太后一哂。“安国公,现在你还有什么话说?”
“微臣冤枉啊!”安国公忙不迭高呼,“微臣和他们真的没有……啊,微臣想起来了!上个月阿辰……不,犬子再次重病,情况十分凶险,因而京里不少人都上门来探望。微臣便出面接待了他们一下,但也不过是说了几句话、带他们去看了看犬子就没了啊!”
聚在一起说几句话、还一同走了那么长的路,就足够有心人办好他们想做的事了。
尹良燕心里暗道,想必太后的想法也和她相差无几,因而眼神更加冰冷凌厉。
眼看太后不信,安国公禁不住泪流满面。“太后娘娘您是知道的,阿辰命途多舛,小小年纪就坠马伤了双腿,如今只能靠轮椅进出,每天躺着的时间比坐着的还多,身体也是每况愈下。微臣的一颗心都扑在了他身上,哪还有心思做别的?”
话音刚落,尹良燕便听到一声低低的冷哼响起。
声音很小,压抑得很低,如果不是仔细去听,绝对听不到。而那个声音传来的方向……
尹良燕勾起唇,又招来宫女嘱咐了一句。
宫女如实将话传递到太后耳中,太后瞬时也眯起眼,目光再次转向安国公夫人。“安国公夫人,你说这事你一点都不知情?”
安国公夫人惶然摇头。
太后立即发出一声低叱。“好一个唱作俱佳、大义灭亲的女子!你不去唱戏真是可惜了!”
安国公夫人身形一顿,立马伏下身去。“太后娘娘明鉴,臣妇真的什么都不知道啊!”
“呵,你不知道,那为何你的娘家兄弟也会参与其中?你不知道,那为何你的娘家侄子还一再向摄政王进言、再三让他出手援助南楚国大王子?你不知道,那你又如何能认出这些名单上的人?你不是说你只是个深宅妇人的吗?”
一连串的问话,让安国公夫人本就瘦削的身体一下坍塌了下去。
安国公毕竟也是在京城富贵圈里成长起来的人。如今听到太后的话,他也不由生疑:“太后,夫人的娘家兄弟和子侄也在名单上?为何微臣没看到啊!”
“哀家手头的名单,岂会给你们看全了?这不过是其中一份,哀家只是想看看你们到底对哀家是何居心,如今看来……”太后冷哼一声,“安国公,安国公夫人,你们果然胆大!如今是攀上了更高的枝,便连哀家也不看在眼里了!”

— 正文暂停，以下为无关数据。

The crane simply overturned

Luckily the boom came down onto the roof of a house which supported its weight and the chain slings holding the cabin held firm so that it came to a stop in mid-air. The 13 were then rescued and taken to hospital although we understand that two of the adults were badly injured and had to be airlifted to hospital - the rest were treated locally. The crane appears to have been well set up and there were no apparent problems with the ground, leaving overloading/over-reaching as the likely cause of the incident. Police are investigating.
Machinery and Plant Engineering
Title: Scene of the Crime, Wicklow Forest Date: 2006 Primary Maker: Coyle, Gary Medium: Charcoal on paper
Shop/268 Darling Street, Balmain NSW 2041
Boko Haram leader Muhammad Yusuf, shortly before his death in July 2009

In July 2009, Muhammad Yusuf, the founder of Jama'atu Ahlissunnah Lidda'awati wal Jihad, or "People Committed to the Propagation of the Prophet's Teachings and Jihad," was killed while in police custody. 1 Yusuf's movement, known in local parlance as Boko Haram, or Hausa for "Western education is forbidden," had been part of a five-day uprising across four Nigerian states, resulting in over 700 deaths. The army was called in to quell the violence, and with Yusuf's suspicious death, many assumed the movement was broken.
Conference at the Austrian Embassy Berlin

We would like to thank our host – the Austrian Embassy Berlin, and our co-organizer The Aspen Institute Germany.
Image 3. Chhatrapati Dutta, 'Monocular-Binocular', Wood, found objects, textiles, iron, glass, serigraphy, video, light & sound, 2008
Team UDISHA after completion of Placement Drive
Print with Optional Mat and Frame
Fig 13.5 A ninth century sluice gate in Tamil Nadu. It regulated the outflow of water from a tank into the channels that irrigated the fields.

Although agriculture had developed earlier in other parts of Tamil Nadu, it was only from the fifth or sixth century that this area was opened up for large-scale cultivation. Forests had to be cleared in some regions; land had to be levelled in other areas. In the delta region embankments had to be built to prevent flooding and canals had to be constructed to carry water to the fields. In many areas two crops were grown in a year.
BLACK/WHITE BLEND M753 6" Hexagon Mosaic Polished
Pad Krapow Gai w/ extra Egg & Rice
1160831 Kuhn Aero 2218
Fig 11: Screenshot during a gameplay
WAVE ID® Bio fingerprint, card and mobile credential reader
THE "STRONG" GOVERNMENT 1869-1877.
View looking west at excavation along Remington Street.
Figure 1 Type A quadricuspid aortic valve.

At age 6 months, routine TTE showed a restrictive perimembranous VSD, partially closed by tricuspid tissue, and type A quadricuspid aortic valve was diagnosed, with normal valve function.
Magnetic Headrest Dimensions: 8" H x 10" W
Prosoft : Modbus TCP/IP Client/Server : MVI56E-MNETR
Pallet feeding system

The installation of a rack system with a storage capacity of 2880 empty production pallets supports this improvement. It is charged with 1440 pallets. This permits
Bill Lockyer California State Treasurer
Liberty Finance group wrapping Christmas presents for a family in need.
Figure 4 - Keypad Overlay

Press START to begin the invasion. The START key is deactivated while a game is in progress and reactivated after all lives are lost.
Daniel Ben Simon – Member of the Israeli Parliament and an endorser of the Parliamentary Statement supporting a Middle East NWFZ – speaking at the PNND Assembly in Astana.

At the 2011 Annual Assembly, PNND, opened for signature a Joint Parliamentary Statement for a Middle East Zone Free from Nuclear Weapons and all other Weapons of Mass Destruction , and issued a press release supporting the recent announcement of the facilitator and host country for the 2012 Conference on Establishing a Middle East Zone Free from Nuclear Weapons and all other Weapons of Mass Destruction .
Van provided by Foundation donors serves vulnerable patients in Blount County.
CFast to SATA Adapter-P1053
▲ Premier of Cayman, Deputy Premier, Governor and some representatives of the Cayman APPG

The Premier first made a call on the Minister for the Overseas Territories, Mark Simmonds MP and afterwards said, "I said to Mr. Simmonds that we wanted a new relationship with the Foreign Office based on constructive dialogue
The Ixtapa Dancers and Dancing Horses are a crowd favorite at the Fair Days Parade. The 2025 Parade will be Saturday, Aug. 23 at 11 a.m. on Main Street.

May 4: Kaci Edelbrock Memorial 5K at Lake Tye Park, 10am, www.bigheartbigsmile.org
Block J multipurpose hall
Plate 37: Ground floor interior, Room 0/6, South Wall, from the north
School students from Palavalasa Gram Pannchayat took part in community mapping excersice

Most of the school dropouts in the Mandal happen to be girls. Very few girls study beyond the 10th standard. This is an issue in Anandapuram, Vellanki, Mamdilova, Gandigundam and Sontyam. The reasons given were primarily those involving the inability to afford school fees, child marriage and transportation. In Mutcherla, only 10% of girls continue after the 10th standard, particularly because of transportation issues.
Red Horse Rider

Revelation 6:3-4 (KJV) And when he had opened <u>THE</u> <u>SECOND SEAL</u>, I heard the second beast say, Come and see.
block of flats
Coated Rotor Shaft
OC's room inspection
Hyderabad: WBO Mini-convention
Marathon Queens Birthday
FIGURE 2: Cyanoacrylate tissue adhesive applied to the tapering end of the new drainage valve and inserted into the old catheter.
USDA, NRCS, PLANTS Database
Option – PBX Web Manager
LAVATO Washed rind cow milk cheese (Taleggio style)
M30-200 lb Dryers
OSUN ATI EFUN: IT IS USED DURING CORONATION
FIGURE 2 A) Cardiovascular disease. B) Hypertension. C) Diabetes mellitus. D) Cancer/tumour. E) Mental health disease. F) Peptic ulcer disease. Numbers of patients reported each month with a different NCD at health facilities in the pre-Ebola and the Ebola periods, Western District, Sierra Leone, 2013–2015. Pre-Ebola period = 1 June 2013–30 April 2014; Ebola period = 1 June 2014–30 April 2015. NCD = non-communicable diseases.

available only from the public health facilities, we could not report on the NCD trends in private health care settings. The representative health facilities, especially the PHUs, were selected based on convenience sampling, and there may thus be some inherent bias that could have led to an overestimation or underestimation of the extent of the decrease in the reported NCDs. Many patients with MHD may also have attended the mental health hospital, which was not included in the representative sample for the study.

“微臣冤枉啊!”安国公忙不迭连连磕头,“微臣真的什么都没做过,请太后娘娘明鉴!”
安国公夫人一抖,也跟着磕头大叫:“臣妇知错了!这事……它其实是国公爷他逼迫臣妇的啊!臣妇的家人都仰仗着国公爷过活,那自然是国公爷说什么就是什么了。臣妇也曾经求过国公爷不要这样做,可国公爷说他活了一辈子,也就是个逍遥国公,除了荣华富贵没有一点实权,这日子着实过得没意思,所以才……臣妇一介女子,又能如何呢?也就只能由着他去了。”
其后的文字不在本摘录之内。